▶ _Provided data_

◆ ◆ ◆ ◆ ◆ ◆ ◆

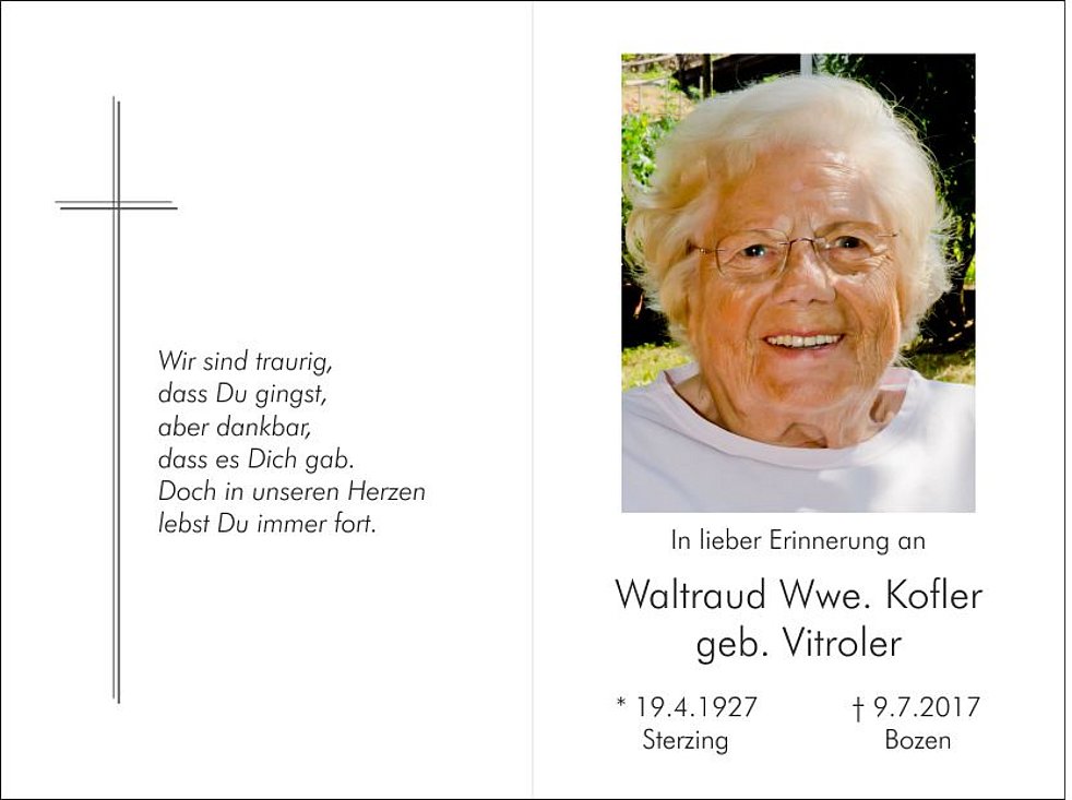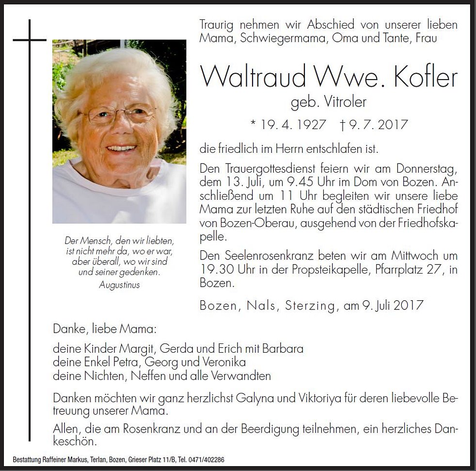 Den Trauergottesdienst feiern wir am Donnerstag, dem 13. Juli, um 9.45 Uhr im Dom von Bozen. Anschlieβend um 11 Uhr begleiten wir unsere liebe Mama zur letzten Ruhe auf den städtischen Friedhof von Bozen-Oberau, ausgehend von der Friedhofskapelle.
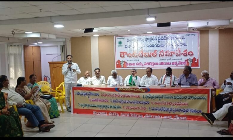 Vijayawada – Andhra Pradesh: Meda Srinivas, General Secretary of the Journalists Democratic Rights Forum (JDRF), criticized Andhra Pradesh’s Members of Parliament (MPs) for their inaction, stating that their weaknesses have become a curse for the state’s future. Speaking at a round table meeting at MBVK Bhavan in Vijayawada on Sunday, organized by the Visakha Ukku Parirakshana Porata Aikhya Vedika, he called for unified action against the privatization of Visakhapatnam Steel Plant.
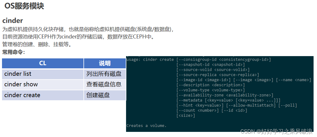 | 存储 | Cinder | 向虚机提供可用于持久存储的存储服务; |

◆ ◆ ◆ ◆ ◆ ◆ ◆

▶ _Work task_
Transcribe the whole listing, character for character, but not its images.

▶ _Task answer_
 Den Trauergottesdienst feiern wir am Donnerstag, dem 13. Juli, um 9.45 Uhr im Dom von Bozen. Anschlieβend um 11 Uhr begleiten wir unsere liebe Mama zur letzten Ruhe auf den städtischen Friedhof von Bozen-Oberau, ausgehend von der Friedhofskapelle.
 Vijayawada – Andhra Pradesh: Meda Srinivas, General Secretary of the Journalists Democratic Rights Forum (JDRF), criticized Andhra Pradesh’s Members of Parliament (MPs) for their inaction, stating that their weaknesses have become a curse for the state’s future. Speaking at a round table meeting at MBVK Bhavan in Vijayawada on Sunday, organized by the Visakha Ukku Parirakshana Porata Aikhya Vedika, he called for unified action against the privatization of Visakhapatnam Steel Plant.
 | 存储 | Cinder | 向虚机提供可用于持久存储的存储服务; |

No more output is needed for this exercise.